## TASK REQUIREMENTS
With the images removed, repeat the data below exactly.

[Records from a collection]
"""

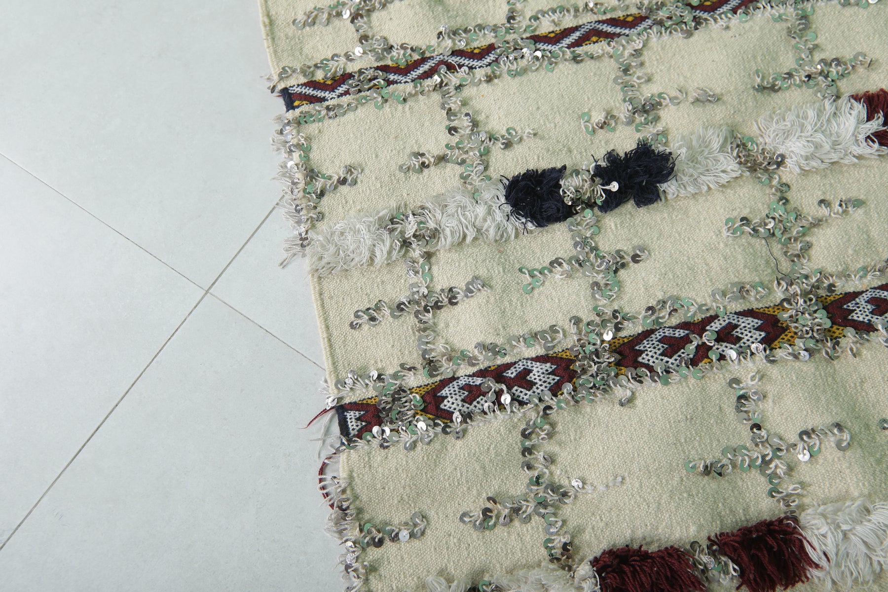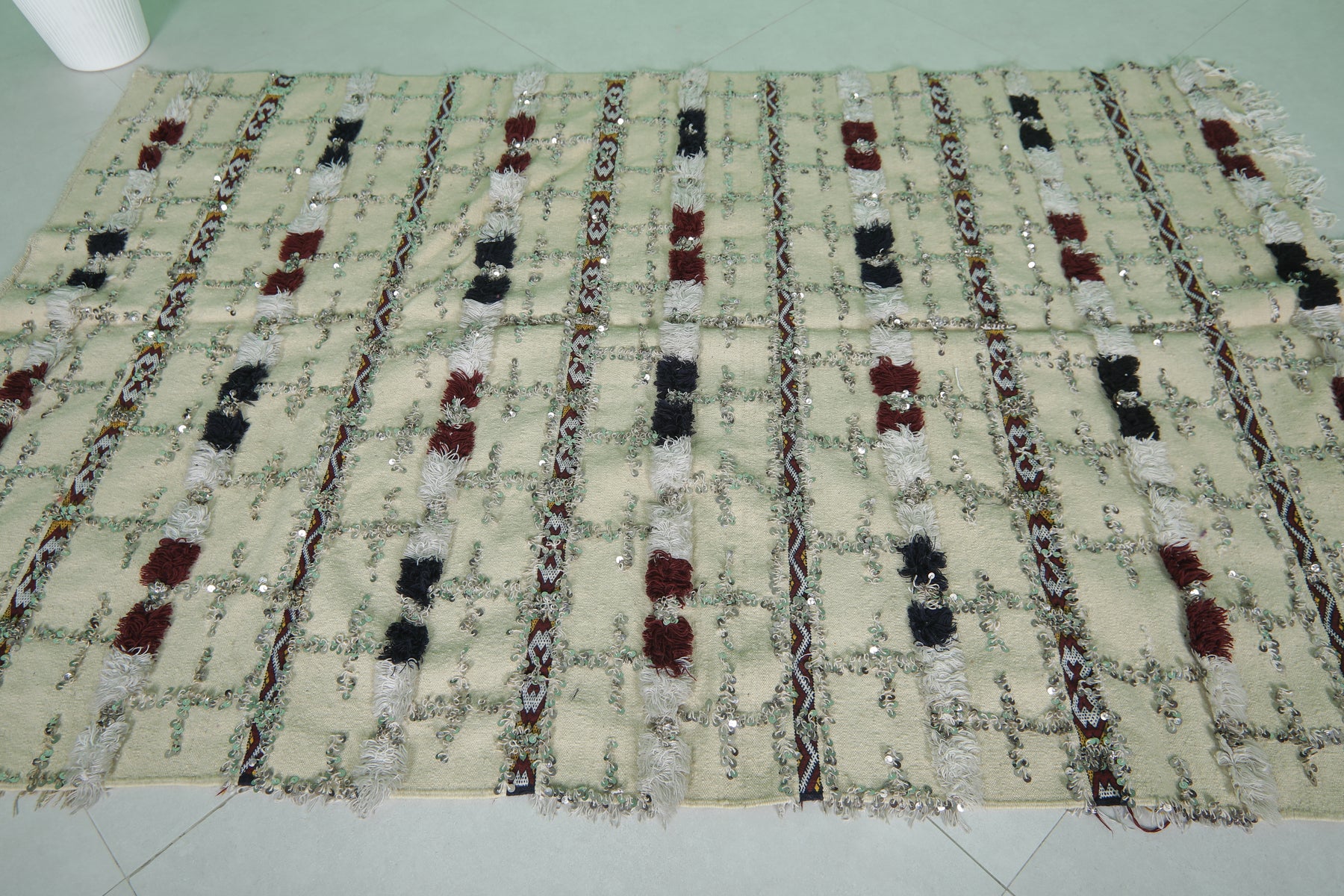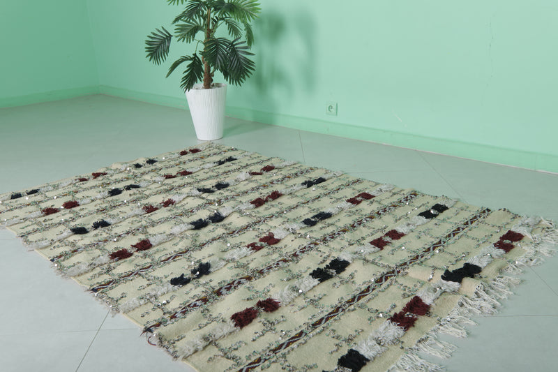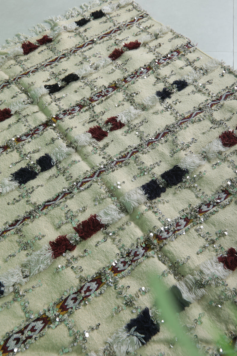 Sequins Wedding Berber Blanket - 4.2 FT x 6.4 FT | Handmade Moroccan Rug
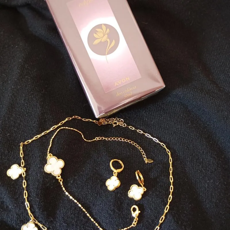 Rifa de um kit de Semi Jóias Flowers Folheado a Ouro, e uma Deo Colônia Avon IMARI ECLIPSE (uma fragrância para desvendar o lado misterioso de cada mulher. IMARI ECLIPSE trás a combinação da Picante Pimenta Rosa com a misteriosa Tuberosa e a sensualidade do PATCHOULI).
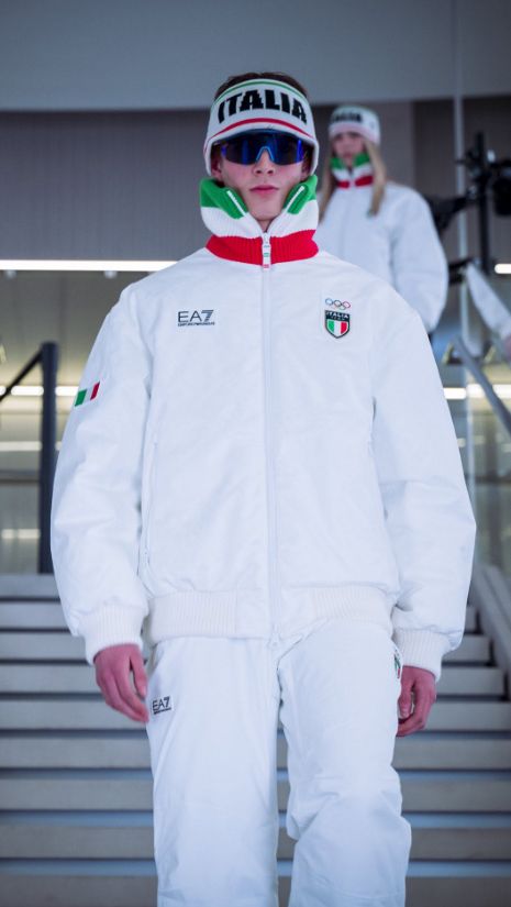 全白色的主调象征着阿尔卑斯山,领口、拉链边缘等细节处嵌入了意大利国旗的绿、白、红三色,十分点睛。
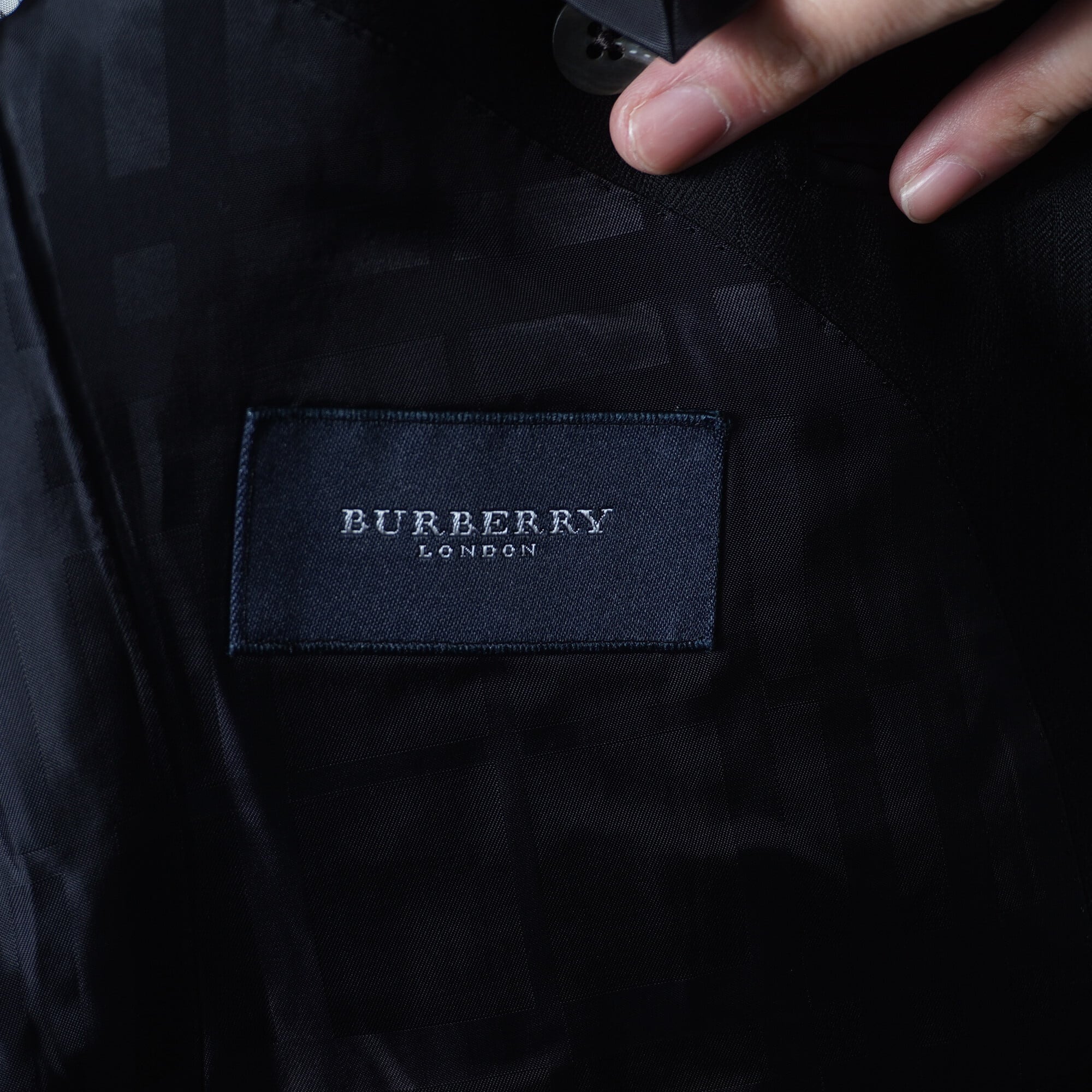 【BURBERRY】バーバリー 日本製ボタンロゴ刻印シャドーストライプノヴァチェック総裏2Bシングルセットアップスーツ black
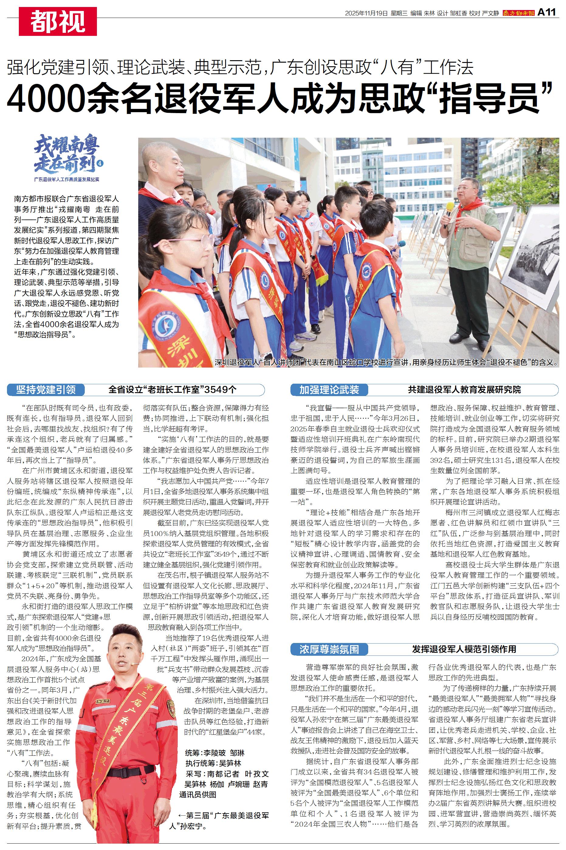 近年来,广东通过强化党建引领、理论武装、典型示范等举措,引导广大退役军人永远感党恩、听党话、跟党走,退役不褪色、建功新时代。
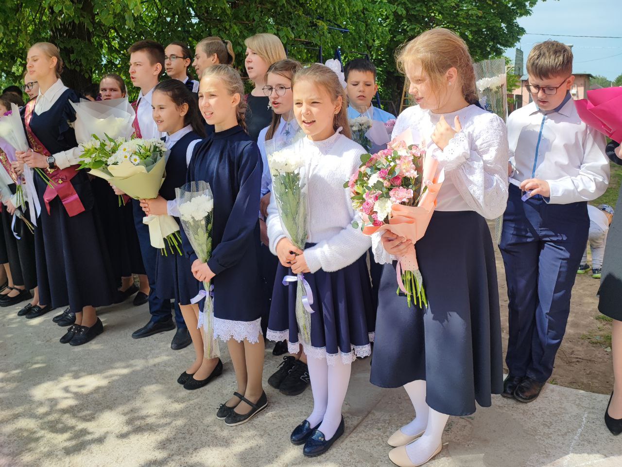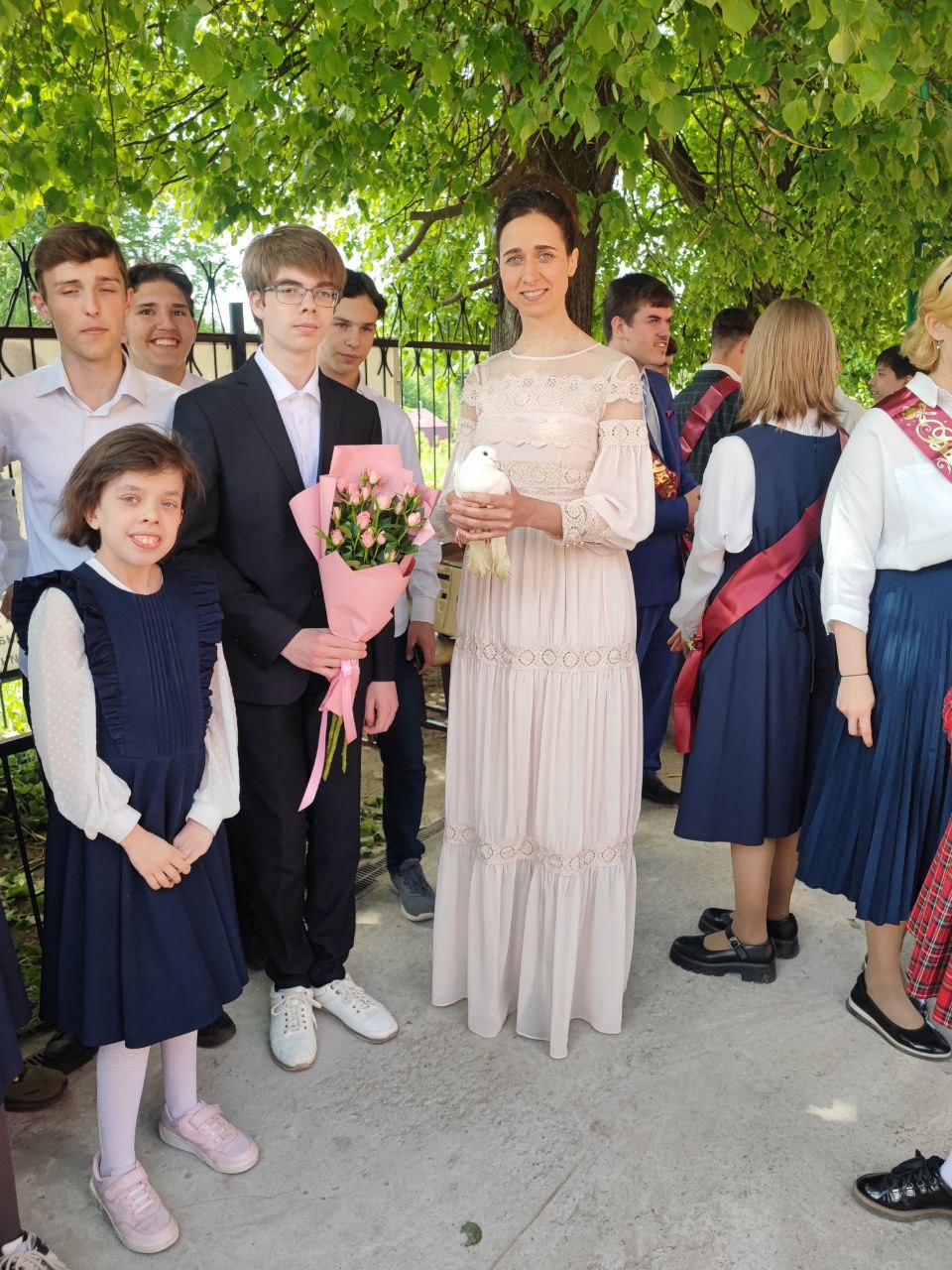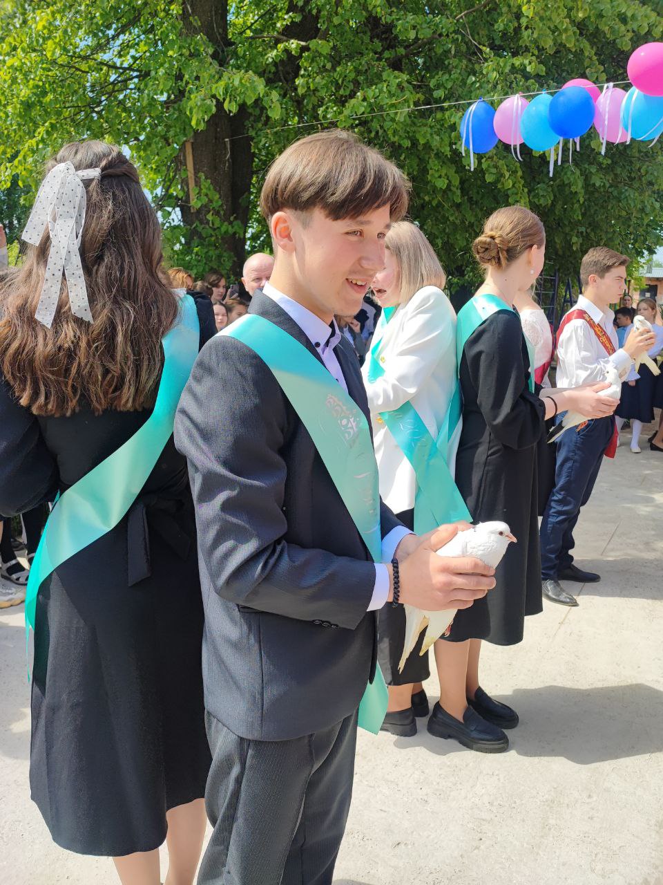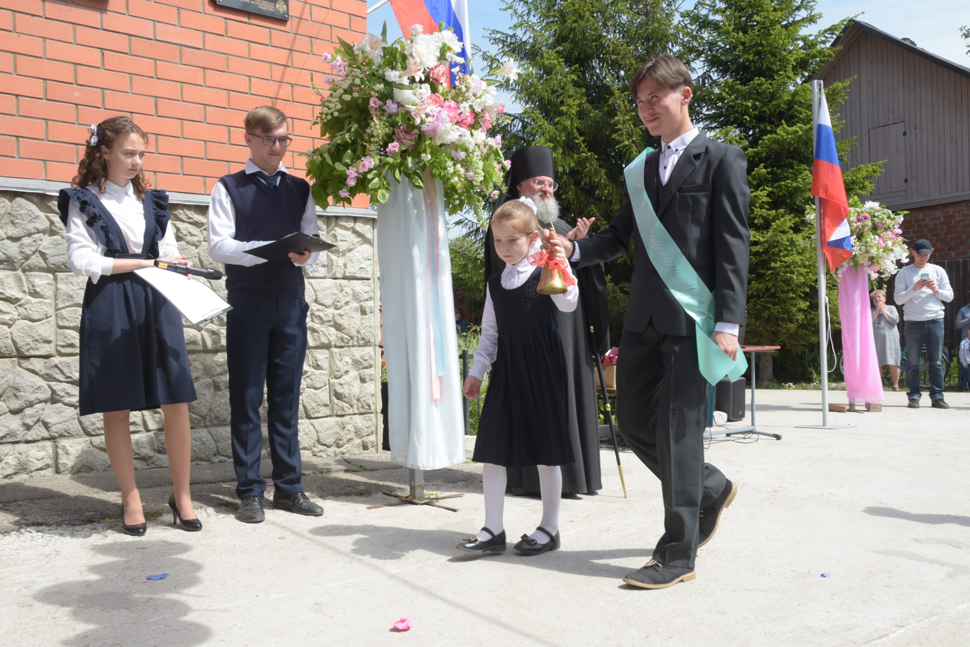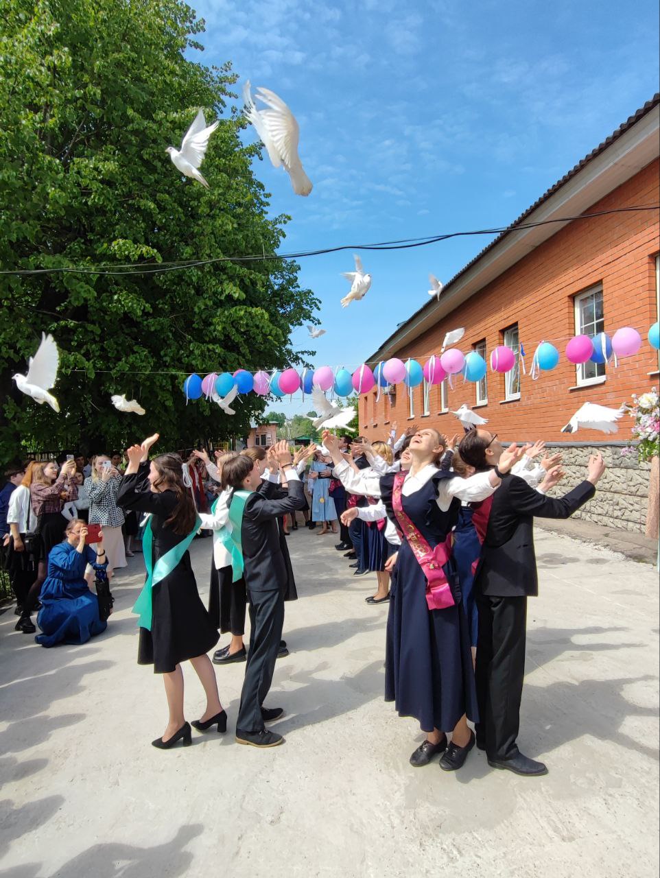 В завершении праздника, по сложившейся традиции, все выпускники выпустили голубей. И вот наступил торжественный момент – прозвучал последний звонок. Это почетное право было предоставлено выпускнику одиннадцатого класса Кузнецову Михаилу и первокласснице Земсковой Марфе.

"""

## RESPONSE TO THE TASK
 Sequins Wedding Berber Blanket - 4.2 FT x 6.4 FT | Handmade Moroccan Rug
 Rifa de um kit de Semi Jóias Flowers Folheado a Ouro, e uma Deo Colônia Avon IMARI ECLIPSE (uma fragrância para desvendar o lado misterioso de cada mulher. IMARI ECLIPSE trás a combinação da Picante Pimenta Rosa com a misteriosa Tuberosa e a sensualidade do PATCHOULI).
 全白色的主调象征着阿尔卑斯山,领口、拉链边缘等细节处嵌入了意大利国旗的绿、白、红三色,十分点睛。
 【BURBERRY】バーバリー 日本製ボタンロゴ刻印シャドーストライプノヴァチェック総裏2Bシングルセットアップスーツ black
 近年来,广东通过强化党建引领、理论武装、典型示范等举措,引导广大退役军人永远感党恩、听党话、跟党走,退役不褪色、建功新时代。
 В завершении праздника, по сложившейся традиции, все выпускники выпустили голубей. И вот наступил торжественный момент – прозвучал последний звонок. Это почетное право было предоставлено выпускнику одиннадцатого класса Кузнецову Михаилу и первокласснице Земсковой Марфе.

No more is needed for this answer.